Racoonworld · 25/08/2020 15:43

Back in March we were told lockdown was to protect the NHS, would be reviewed every 3 weeks and likely to be for up to 12 weeks. Well it is now 5 months later, the NHS never got overwelmed, and we are still in lockdown. Yes I know things are opening up but we still have massive restrictions on our lives, including not being able to hug family and friends and not being able to see more than one household inside (England), which over summer is fine but coming up to winter is obviously not going to be sustainable for most people. Many have had education disrupted, healthcare disrupted, jobs lost, family and friends separated, and I'm sure many more consequences.

What are we all/the government waiting for? There may never be a vaccine or effective treatment. Do they really expect people to live like this for years if there is no vaccine? Surely they need to give us a plan and timeline for what they expect of us or no one will stick to the rules for much longer.

OP posts:
Pomegranatepompom · 26/08/2020 13:34

@RunningAwaywiththeCircus all patients were reviewed before starting chemotherapy.
It was quite easy to review weekly blood results for example and discuss by telephone. We still carried out BMAs and all staging tests.
I agree the disparity is disappointing.

canigooutyet · 26/08/2020 14:04

NHs is a mess and as a result of I don't know what, patient care isn't there. And when you finally manage to get a bit of care, the process is batshit.

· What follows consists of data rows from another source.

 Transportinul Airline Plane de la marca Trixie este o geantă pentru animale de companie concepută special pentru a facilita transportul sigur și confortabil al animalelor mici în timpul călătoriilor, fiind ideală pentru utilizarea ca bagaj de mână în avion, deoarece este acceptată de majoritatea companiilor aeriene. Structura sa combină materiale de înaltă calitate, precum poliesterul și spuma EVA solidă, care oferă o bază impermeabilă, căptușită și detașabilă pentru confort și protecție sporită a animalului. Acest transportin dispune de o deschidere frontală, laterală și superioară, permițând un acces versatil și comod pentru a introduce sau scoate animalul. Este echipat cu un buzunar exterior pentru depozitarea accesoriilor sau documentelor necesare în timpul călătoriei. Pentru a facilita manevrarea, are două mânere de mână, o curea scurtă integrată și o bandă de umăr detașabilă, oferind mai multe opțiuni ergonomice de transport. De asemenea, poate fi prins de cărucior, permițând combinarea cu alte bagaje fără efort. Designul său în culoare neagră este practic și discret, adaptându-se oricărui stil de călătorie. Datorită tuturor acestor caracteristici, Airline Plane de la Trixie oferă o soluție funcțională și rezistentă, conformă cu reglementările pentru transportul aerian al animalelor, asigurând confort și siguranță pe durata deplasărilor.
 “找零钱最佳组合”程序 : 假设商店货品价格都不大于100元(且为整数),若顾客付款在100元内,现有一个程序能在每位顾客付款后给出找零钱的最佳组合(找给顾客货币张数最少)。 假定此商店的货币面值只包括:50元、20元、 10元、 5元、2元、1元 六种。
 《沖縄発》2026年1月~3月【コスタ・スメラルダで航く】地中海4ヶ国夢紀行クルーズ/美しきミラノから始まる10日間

Arrange a blood test, so far so good, and finally they have implemented an appointment system. Don't even need to pop along with the blood test form, it's all there waiting and labels printed there and then.

Wait up to a week for results. This is where things get interesting. Text telling you result ready, call surgery to arrange telephone consultation, so far so good.

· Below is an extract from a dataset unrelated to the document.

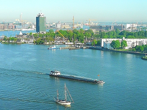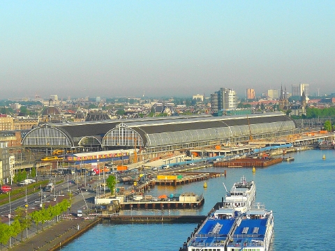 運河に張り巡らされたアムステルダムの街に来たら、やはり運河めぐりのクルーズに乗るのがお勧めです。キャナルクルーズと呼ばれる遊覧船は会社も数社あり、コースも何通りかあり、市内の数箇所の場所から出ています。日中、運河の何箇所かのポイントを回るスタンダードのコースの他、夕刻、ワインとチーズを飲みながらライティングされた橋などイルミネーションを堪能するコースや、ディナーの付いたゆっくりコースもあります。昼と夜は景色もコースも違うので、どちらも楽しめますし、ワインとチーズのコースでは、途中、下船して酒場に寄って一杯飲む体験も付いていました。(会社等で異なります。)クルーズの他にも、水上バスや水上タクシーなどもあり、ホテルの場所によっては水上交通のみで移動も可能です。街中の印象は薄いのですが、運河の印象は強烈に残っています。.アムステルダムの運河 3 キャナルクルーズ 1アムステルダム キャナルクルーズ(Canal Cruise 水上遊覧).日中のスタンダードコースは、たいていアムステルダム中央駅から出発します。アムステルダム中央駅を出ると、北海運河(写真上部)に出てから中央駅裏手を回り、海洋博物館と前回紹介したアムステルダム号前を立ち寄って、No4の東港(17世紀の海軍ドック)から市内の運河に入っていきます。アムステルダム中央駅前の乗船場です。前の建物がアムステルダム中央駅の表側。(裏側は、温室のような半円筒形ドーム)各社乱立してます。b\rコースが同じでも値段は、各社異なるようです。昨今キャナルクルーズの船が多くなっているといいます。それだけ需要があるのでしょうね。下、船は国鉄の線路の橋げたをこぐります。いわゆるガード下ですね。地味ですか、変わっているので乗せました。これから橋をたくさんこぐるツアーが始まります。一見どこにでもあるような線路下のガードですが、船がこぐると考えると不思議な気がします。よく見ると、水面とほぼ同じ高さを車と人が往来していますし・・。ガードをこぐって北海運河方面に出ますが、初回に上からの写真を紹介しているので、アイ湾(アムステルダム港)は、はしょります。キャナルクルーズはやっと運河に突入です。この船は、椅子が固定されていなくて、ざっくばらんな雰囲気ですね。下は、旧港から入った運河にあるNo5のモンテルバーンの塔です。元は、16世紀に建てられた城の見張り台だったそうです。今は時計台が乗っていますが、当初は砲台が乗っていたそうです。船が真下を通過するので見上げる感じです。しばらくすると支流に入るので、運河はどんどん狭くなりますが、それでもベネチアに比べればかなり広いです。小船しか通行できないような路地はありません。つづく
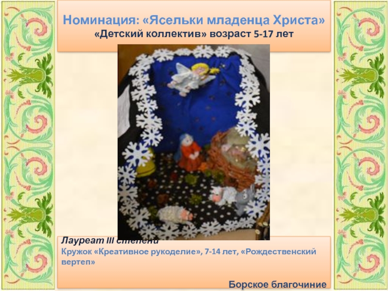 Слайд 43Номинация: «Ясельки младенца Христа»

Talk to the GP, who tells you oh shit your results aren't good. Make a joke about yea not as bad as expected considering I'm not getting any other treatment outside mh.

GP says I need another appointment, to call the surgery back and say you need an appointment and what to tell reception.

(Yes I am now confused)

Called back the surgery (after listening to the message about trying to keep the lines free). Explained the situation to the receptionist, ah yes, I will put you on the list and Tim from admin will call you back, probably won't be until next week.

I asked, no-one could be bothered to try and come up with an explanation. The call back from Tim wouldn't be as bad if say the call happened towards the end of the week. But 10:30 am on a Monday morning? All because they have to physically see me.

And if I ever hear from Renal without me going the a&e route, I will pass on how it's going. So far, since April the only contact I have had, along with others in my medical team, is the answering machine, and when we are very lucky we are rewarded with the ability to leave a message.

I was on another thread the other day. Reasons from some who claimed to be nhs said it was government policies that closed these departments down. Which of course doesn't explain the inconsistencies across the country.

TheDailyCarbuncle · 26/08/2020 14:42

It amazes me the extent to which people are absolutely fixated on 'exponential growth' and possible deaths, when in order to prevent those fictional possible deaths (and they are fictional, there is no evidence at all that they would ever happen and they haven't happened anywhere in the world) actual deaths are happening. So in order to prevent covid deaths, deaths from cancer, suicide, heart attacks, strokes and a whole range of other illnesses have been increased and will continue to increase for months and possibly years to come. What makes a cancer death more acceptable than a covid death? Nothing of course, it's just that people are so pathologically fixated on covid that they can't actually see or acknowledge those deaths at all. And that's before you start to count the cost, both in deaths and illness, of recession, job losses and people stuck in abusive situations without any outside contact for months on end.

The utter madness of it is mind boggling.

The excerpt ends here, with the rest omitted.